Oh, no, he was much more than that.
"Amir doesn't like to lose at anything," Shareef said with a chuckle. "He's probably one of the most competitive people I know."
By 2002, Shareef was already an established star in the National Basketball Association, having won a gold medal with the U.S. Olympic team in Sydney, Australia, and being a perennial NBA All-Star.
Each morning that summer, Shareef, Amir and their younger brother Mohammad, who played college basketball at University of Detroit Mercy, would wipe the sleep from their eyes, grab a quick breakfast and start their first of two daily workouts in Shareef's state-of-the-art facility behind his house.
The mornings were spent lifting weights, going through drills and working on various moves and shots. After lunch and a little time to relax, the three brothers were back at it for a second evening session that featured one-on-one games.

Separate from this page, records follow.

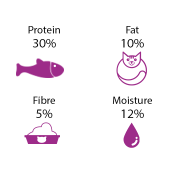Contains 30% Protein, 10% Fat, 12% Moisture and 5% Fibre.
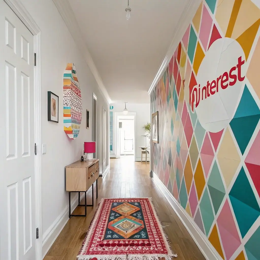 Ready to make a statement? Geometric patterns in bold colors turn your hallway into an art installation. Think beyond wallpaper – geometric patterns work on floors, ceilings, and through decor choices.
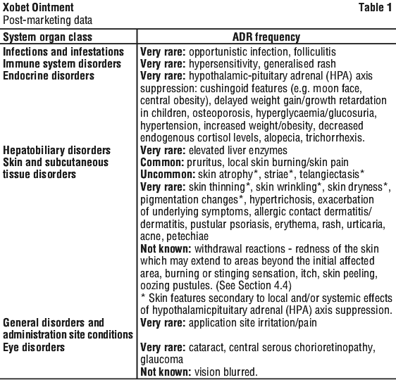 For more information, see Section 2. What should I know before I use Xobet Ointment? in the full CMI.
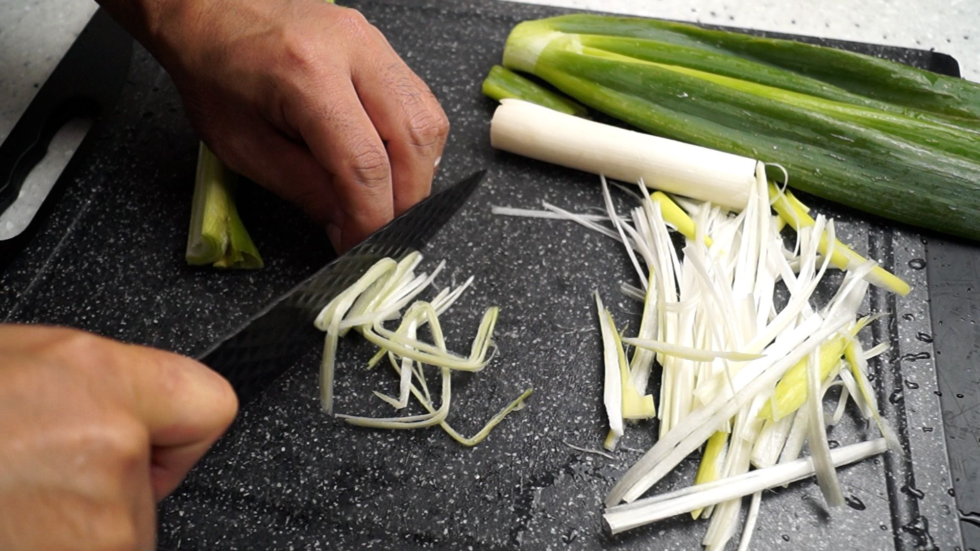 1. 대파를 큰거는 1대 또는 작은거는 2대를 길쭉하게 채를 썰어주세요. 대파 채써는게 어려우시면 대패삼겹살 사실때 파채용 대파를 사시는것도 좋습니다.

It was a kind of king of the hill, no-holds-barred competition that Shareef always won.
The full-court games were epic and the competition was fierce.
"You played games to like 14 points and you had to win four games to win the series," Amir remembers. "I could take a game or two off of Shareef, but never could get that fourth game."
But Amir thought this could be his time to finally knock his older brother off the hill.
There was one night in particular that Shareef remembers, when his younger brother stopped being his sibling and started to be a viable threat to his dominance on the court.
"You could look into his eyes and see the determination," Shareef said. "He was turning into a great player. You could tell he wanted it and I knew then that I'd have to play my best if I wanted to beat him. "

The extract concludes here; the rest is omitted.